One other pertinent point - the long-anticipated details of Trump's peace proposal may also have influenced Netanyahu's handling of the ongoing Palestinian torching of Israeli territory. Israeli public opinion is hot under the collar, demanding a stiff reaction, and as for the civilians on the Gaza border, they are constantly plagued by air raid sirens. This obligates parents to wake up their children at night and rush to "safe rooms" build especially in their homes. However, if the IDF were ordered to carry out lethal retaliatory strikes into Gaza, this would trigger Hamas launching salvos of rockets into Israel. And with Kushner and Greenblatt on the way, this would put paid to any Trump peace proposal at the time. We all know what the boss would think about that.

Bibi and Donald...

There is a similarity between the public support for both the very controversial Israeli and American leaders in their respective countries. Both Netanyahu and Trump are highly criticized by the liberal, leftist, or "elitist" voters. They are both lambasted for their personal brushes with the law, mainly in their private lives, and their pandering to their political bases at the expense of democratic ideals. Even today many American commentators accuse Trump of trying to pull the wool over the eyes of American voters regarding the Singapore summit, although the jury is still out. This also appears to include a majority of Jewish American who tend to vote democrat.

Israeli PM Netanyahu and Russian PM Putin (photo by: Avi Ohayon, CC GPO National Photo Collection)
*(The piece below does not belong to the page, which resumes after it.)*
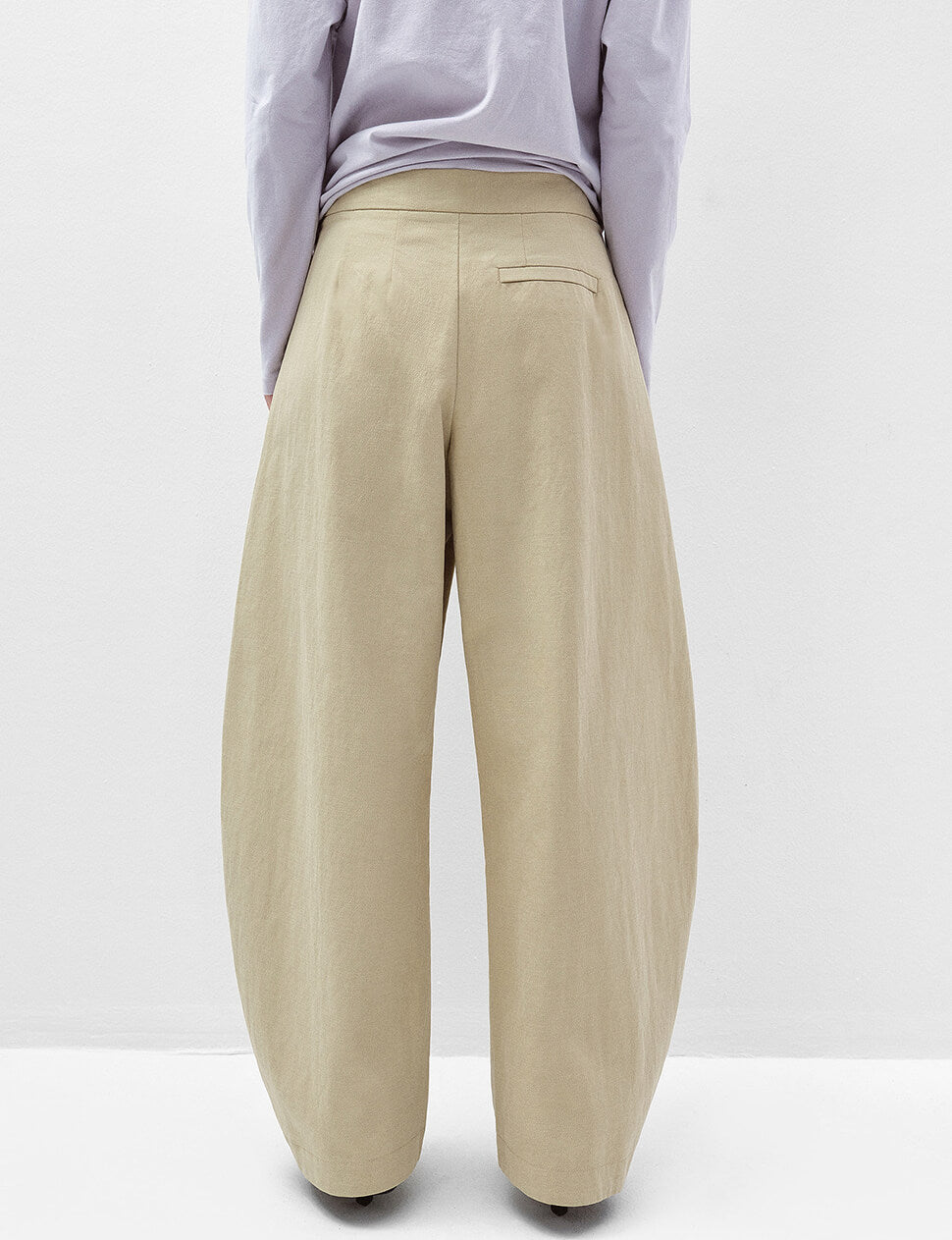 The tan pants that go with everything but look like nothing else. Our High Waist Barrel Leg Pants in black are cut from a lightweight cotton lyocell blend with deep front pleats and a rounded barrel leg that tapers at the ankle. The kind of piece that makes your whole wardrobe feel more intentional. Also available in white and black

As for Netanyahu, he also draws his support mainly from middle and lower-middle-class voters. But here the issue is war and peace, the lives of Israeli soldiers, rather than "the economy, stupid". At present Bibi is riding high for his successful statecraft in forging good ties not only with Trump but also in his apparent understandings with Russian president Vladimir Putin - reportedly, they agreed on a deal that enables Israel to attack the Iranian military forces in Syria on condition that no Russian troops are endangered. In fact, recent polls show that if elections were held today, Bibi would trounce his rivals - Yair Lapid from the Center, and Avi Gabbay from the Left. This despite the fact that Bibi's administration reeks of fraud and he himself is being investigated on several counts of financial chicanery.

It is fair to say that the vast majority of Israelis feel that when the country's fate is at stake (for example, Iranian nuclear threat) or when the safety of Israeli soldiers is on the line. Even many Left-wing liberals will hold their own as they enter the voting booth, and vote for Bibi.